In April we chose to read Bentley, Hahn and Shennan's paper Random drift and culture change (2004).

This very interesting study explains cultural variants on three real-world datasets using a neutral model. The model predicts the random drift effect on the statistics of the variants from the population size and the innovation (mutation) rate or only using the number of new variants per time slice. Because it requires a minimal number of free parameters, the authors propose using this very simple model as a null model, against which hypotheses can be tested to determine whether the variants of a certain trait in population are neutral, which often seems to be the case.

Let us know what you think about this paper and the model it suggests. Do you think you could find it useful for your own research?

2 Comments

  • Piers Kelly 17 May 2017 (09:21)

    Where next for the neutral model?
    I was going to wait for somebody else to comment on this paper first, only because I found it difficult to understand on a first read, but upon reading it again I think I get the gist: the 'neutral model' is the best default interpretive schema for understanding cultural variation. Humans tend to reproduce from the pool of variants at their disposal in their immediate context, and cultural fads are rare. The datasets (patents, names, pottery motifs) are sufficiently clean and quantifiable and thus offer the possibility to test this model effectively.

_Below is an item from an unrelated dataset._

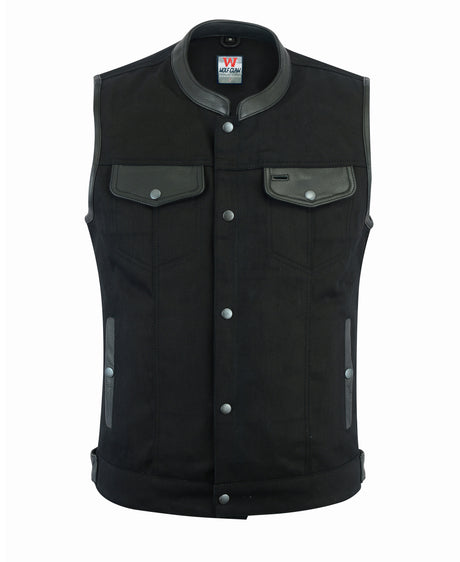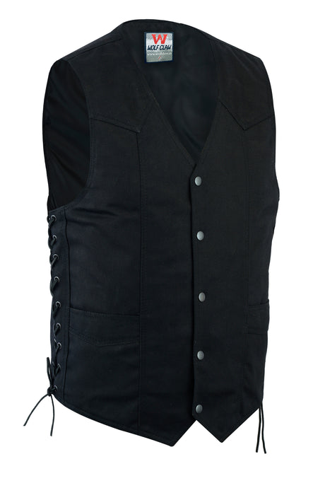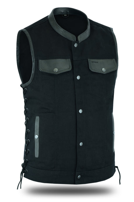 Men's Motorcycle Denim OUTLAW SOA Club Style Vest with Side Laces (WC58612BLACK)

    My main question for this paper is this: if we can safely assume that the neutral model works and is reliable, how is the knowledge informative for areas in which the data is incomplete? Eg, what if we have a series of motifs from an archeological sites dating to 3000BP, and another set of related motifs from the same cultural complex dating to 1000BP, but zero artefacts recovered for the intervening period? Can the neutral model be used to infer the range motifs in the missing time period? Perhaps this is not the best example to illustrate my point, but I'm always interested in trying to imagine potential real-world applications for these kinds of models rather than simply testing them for their own sake (which is of course important too, but one can think big at the same time). Ideas?

  • Olivier Morin 25 May 2017 (15:46)

    about Piers' question
    One possible application that I can think of is the detection of faked, or severely flawed, datasets. Humans are notoriously bad at creating truly random patterns, and power-law distributions aren't immediately intuitive. People who have been producing big repertoires of artistic designs on their own (for instance when creating fake archaeological findings or fake art) may not be respecting power-law distributions. If such distributions appear as a result of cultural transmission, then individual fakers shouldn't respect them. Thus, it might be possible to use those, in conjunction with other cues, to detect fraud. (This would only be possible for cases where a complete set of "findings" has been faked, e.g. the Glozel tablets).